Step 2. Write the actual performance of the experiment
If you did the experiment on your own, collect the purified product from the reaction and weigh it on a scale to calculate its mass. On the other hand, if it is an exercise or task, you should already have the information of the actual performance.
 Suppose the actual reaction is 29 grams of CO_{2}.
Step 3. Divide the actual return by the theoretical return
Make sure to use the same unit for both values (usually grams). The result will be a ratio less than unity.

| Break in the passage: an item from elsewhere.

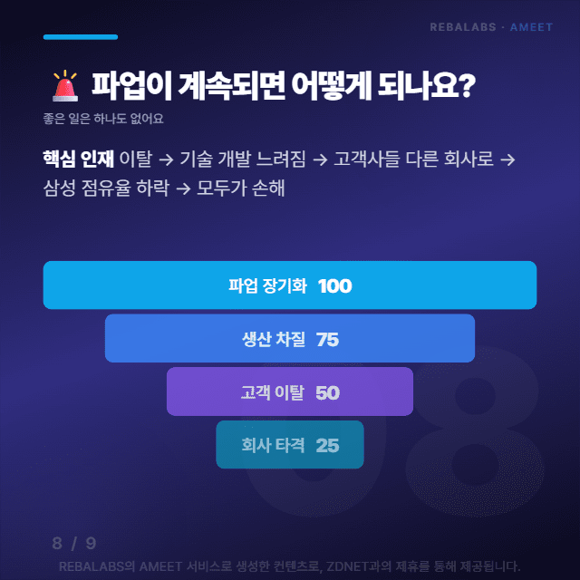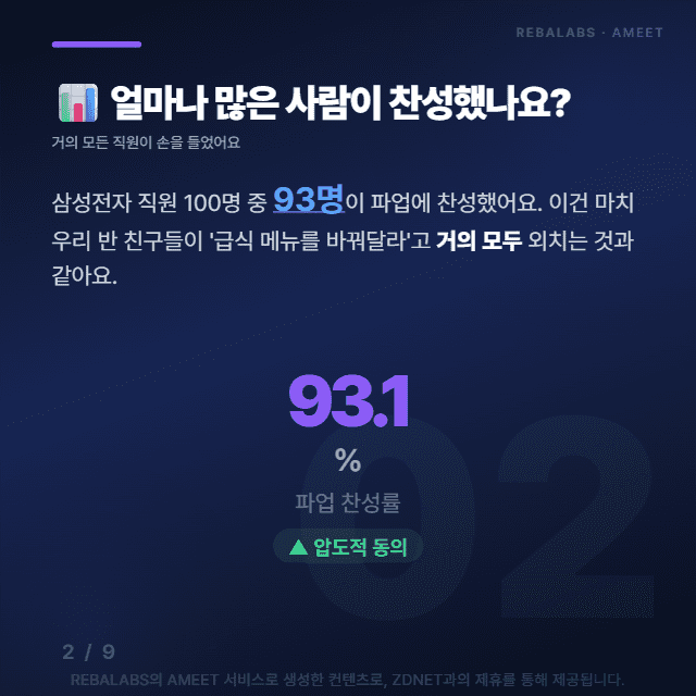 최근 삼성전자에서 93%라는 압도적인 찬성률로 파업이 결정됐어요. 100명 중 93명이 손을 든 거니까, 정말 거의 모든 직원이 목소리를 낸 거죠.

The actual yield was 29 grams, while the theoretical yield was 36.7 grams. Therefore, if we do the calculation, we will obtain the following result: 29g36, 7g = 0.79 { displaystyle { frac {29g} {36, 7g}} = 0.79}
Step 4. Multiply the result obtained by 100 to convert it to a percentage
The answer will be the percentage yield.
 0.79 x 100 = 79, so the percent yield for the experiment is 79%. This means that you created 79% of the maximum possible amount of CO._{2}.
Advice

Some students confuse the term percentage performance (the result obtained from the maximum possible amount) with the percentage error (the difference between an experimental result and the expected result). The correct formula for the percentage return is Actual Return Theoretical Return × 100 { displaystyle { frac { text {Actual Return}} { text {Theoretical Return}}} times 100}
si por el contrario restas ambos rendimientos, estarás utilizando la fórmula para hallar el error porcentual.
 si obtienes resultados ampliamente diferentes, verifica las unidades. si el rendimiento real difiere del rendimiento teórico por un orden de magnitud o más, probablemente empleaste las unidades incorrectas en algún punto del cálculo. repite los procedimientos y lleva un registro de las unidades en cada paso de la ecuación.
 si el rendimiento porcentual es mayor al 100 % (y sabes a ciencia cierta de que los cálculos son correctos), significa que hay otras sustancias que han contaminado al producto. por consiguiente, deberás purificarlo (por ejemplo, secándolo o filtrándolo) y pesarlo nuevamente.